We see this ambiguity constantly when testing agent trust boundaries. The repeated failure mode is not just authentication, it is the inability to reconstruct who authorized what scope and what evidence survives later review. Designs that separate those artifacts cleanly tend to hold up much better under adversarial inspection.

If useful, the concrete trust-boundary cases we test across A2A and related protocols are here: https://github.com/msaleme/red-team-blue-team-agent-fabric

[kenneives]

The cold-start problem — "should I interact with this agent before we've ever met?" — is the core challenge for cross-org agent interactions. Here's how we've approached it.

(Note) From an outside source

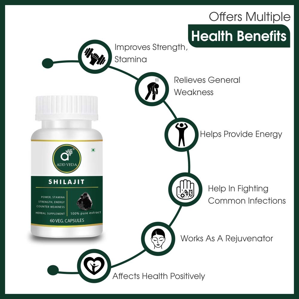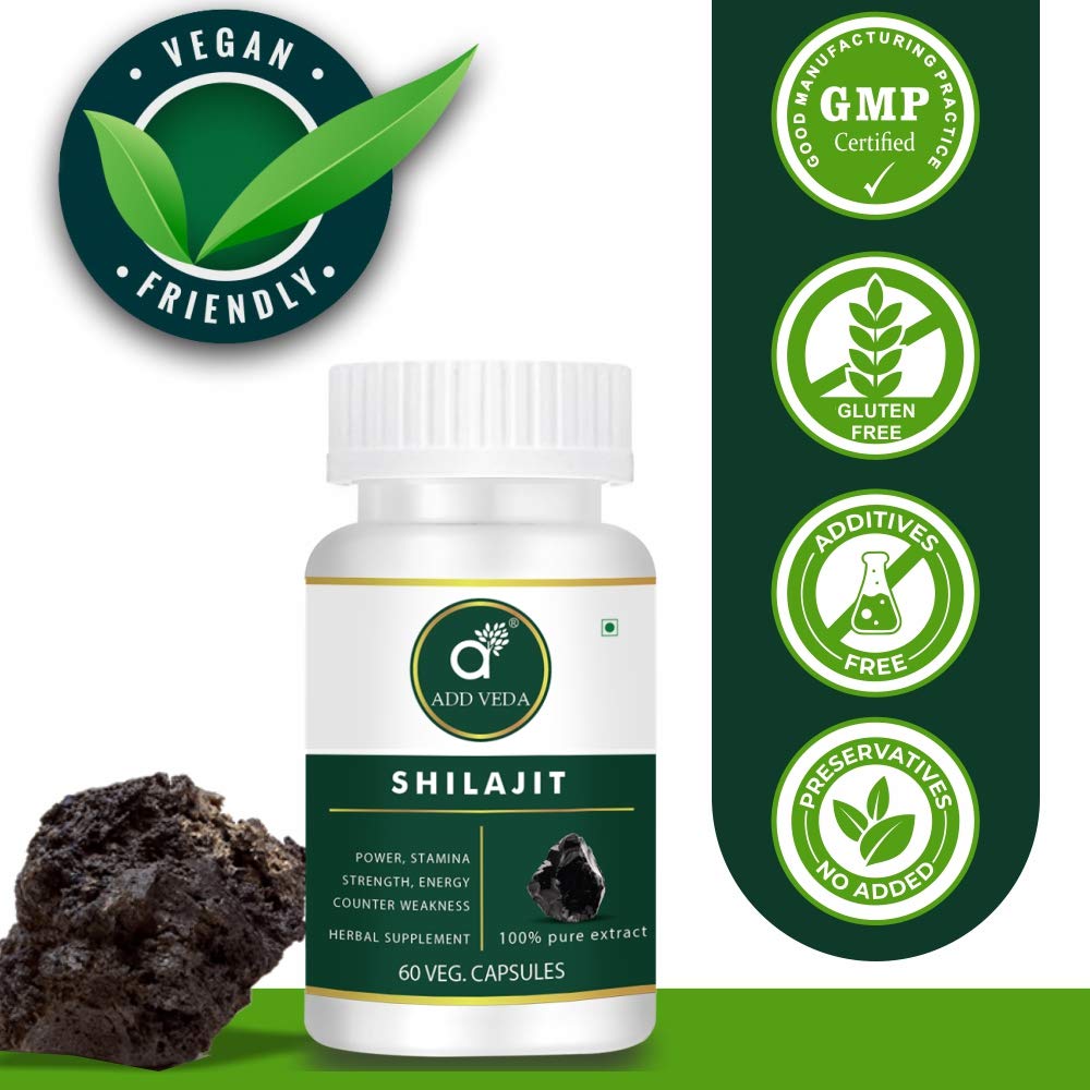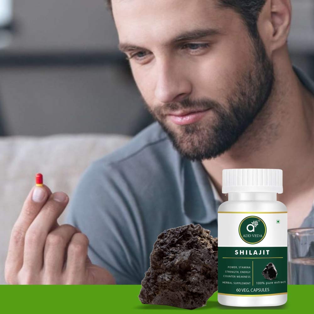 ADD VEDA Pure Shilajit Extract Power Booster Capsules - 500 mg For Strength Stamina Vitality And Overall Health (30 Capsules)

Trust gateway for first-contact decisions:

We run a trust gateway that agents can query before initiating interaction:

POST /api/v1/gateway/check
{
  "subject": "did:web:other-org.com:agents:xyz",
  "action": "invoke_tool",
  "context": { "tool": "database_query", "sensitivity": "high" }
}

Response:

{
  "decision": "allow",
  "confidence": 0.82,
  "factors": [
    { "source": "security_scan", "score": 91, "issuer": "did:web:agentgraph.co" },
    { "source": "peer_attestation", "score": 78, "issuer": "did:web:other-trust-provider.io" }
  ],
  "jws": "eyJ..."
}

The decision is JWS-signed so the calling agent has a verifiable record of why it proceeded — useful for audit trails and accountability.

Multi-source attestation:

No single provider should be the sole arbiter of trust. We're part of a working group (8 providers currently) where each covers different trust dimensions:

• Security scanning (code analysis, vulnerability detection)
• Identity verification (DID resolution, key management)
• Behavioral history (interaction patterns, uptime)
• Domain expertise validation (capability claims vs. actual performance)

The gateway aggregates attestations from multiple issuers and weights them based on relevance to the specific action being requested. A high-sensitivity database query requires stronger attestation than a read-only API call.

Why this matters for A2A specifically:

In A2A's task delegation model, an agent receiving a task from an unknown agent needs to make a quick trust decision. Embedding a trust check in the A2A handshake — before the task card is accepted — would let agents enforce their own risk policies without requiring prior bilateral agreements.

The gateway is designed to be called inline (p95 latency ~50ms) so it doesn't meaningfully slow down the delegation flow. We cache attestations with TTLs proportional to their volatility — security scans change slowly, behavioral scores change faster.